In retrospect, I should not be that much surprised, but that's still a good surprise indeed. As I'm French, it was a bit easier to me to be in contact with the Accursed Kings, which I've read all seven books a few years ago, far before deciding to have a try at those intriguing books known as "A Song of Ice and Fire". Or more accurately, "The Iron Throne" as the French translator has chosen to call them. After all, if I was to find them in about each and every single book store, usually sole ambassadors of the fantasy genre with Tolkien and Robbin Hobb, it could only be awesome.

Anyway, I'd like to point out that this seventh book of the Accursed Kings feels and is a bit disjointed from the first six. It was published 17 years after the sixth one and a few years after the first, awesomely theatrical, TV series. More importantly, though, the style is a bit different and the story told is definitely set for quite a while after the events told in the first six books. In a sense, its only relation with the other books is its illustrious writer and the similar historical setting, but it could very well have been a full-fledged independent story as well. It's an interesting read on par with the Accursed Kings, but I'd dare say you won't miss anything at all by skipping it if you can't wait for Harper Collins to publish them and prefer to find used ones. That also means you can probably read it independently from the six others too. That's also certainly why the two series both stopped at the end of the sixth book.
After all, they are all based on the same story, or rather History, if you happen to know French history in the beginning of the fourteenth century, there shouldn't be much surprises on this front.
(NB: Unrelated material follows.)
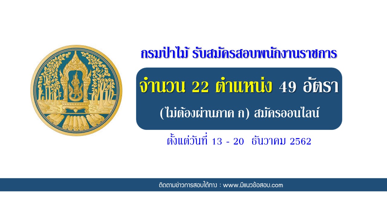 กรมป่าไม้ รับสมัครสอบพนักงานราชการ 49 อัตรา (ไม่ต้องผ่านภาค ก) วันที่ 13-20 ธันวาคม 2562ประกาศกรมป่าไม้ เรื่อง รับสมัครบุคคลเพื่อเลือกสรรเป็นพนักงานราชการทั่วไป สังกัดกรมป่าไม้ ประจำปีงบประมาณ พ.ศ. 2563ตำแหน่งที่รับสมัคร(01) ผู้ช่วยเจ้าหน้าที่การเกษตร จำนวน 2 อัตรา(02) ผู้ช่วยพนักงานพิทักษ์ป่า จำนวน 4 อัตรา(03) เจ้าหน้าที่ตรวจป่า จำนวน 9 อัตรา(04) เจ้าหน้าที่ธุรการ (ม.3) จำนวน 6 อัตรา(05) เจ้าหน้าที่ธุรการ (ปวช.) จำนวน 3 อัตรา(06) เจ้าหน้าที่บันทึกข้อมูล จำนวน 3 อัตรา(07) เจ้าหน้าที่การเงินและบัญชี จำนวน 1 อัตรา(08) เจ้าหน้าที่การเกษตร จำนวน 1 อัตรา(09) เจ้าพนักงานพัสดุ จำนวน 2 อัตรา(10) พนักงานพิทักษ์ป่า จำนวน 1 อัตรา(11) ช่างเครื่องยนต์ จำนวน 2 อัตรา(12) ช่างไฟฟ้า จำนวน 1 อัตรา(13) ช่างศิลป์ จำนวน 1 อัตรา(14) ช่างสำรวจ จำนวน 2 อัตรา (15) เจ้าพนักงานการเกษตร จำนวน 1 อัตรา(16) เจ้าหน้าที่เครื่องคอมพิวเตอร์ จำนวน 1 อัตรา(17) เจ้าหน้าที่บริหารงานทั่วไป จำนวน 1 อัตรา(18) เจ้าหน้าที่วิเคราะห์นโยบายและแผน จำนวน 1 อัตรา(19) นักวิชาการป่าไม้ จำนวน 3 อัตรา(20) นักวิชาการเผยแพร่ จำนวน 2 อัตรา(21) นักวิทยาศาสตร์ จำนวน 1 อัตรา(22) ผู้ช่วยนักวิจัย จำนวน 1 อัตราการรับสมัครสอบผู้ประสงค์จะสมัคร สามารถสมัครได้ทางอินเทอร์เน็ต ตั้งแต่วันที่ 13 - 20 ธันวาคม 2562 ตลอด 24 ชั่วโมง ไม่เว้นวันหยุดราชการ ที่เว็บไซต์ https://forest.thaijobjob.comประกาศรับสมัคร | ลิ้งสมัคร

As for the TV series, I don't like the second one. It was too centred on the beginning, before the books start telling its story to give a better role to Gerard Depardieu who played the short-lived Templar leader. The ending episodes therefore feel rushed and the strange settings by Druillet, while awesome in their own right, detracts from the historical tone set in the books.
In this sense, the first series is certainly better, but also feels like it's theatre filmed for the TV, from the way the actors play their roles to the numerous painted sets. If only HBO or its French equivalent were to produce a series with all the financial support that Game of Thrones had ;-).

Oh and I just came with the thought that in A Song of Ice and Fire, we don't see anyone dying from "natural causes" such as sickness, bad food, fool water, which happens at as sometimes alarming rate in the Accursed Kings.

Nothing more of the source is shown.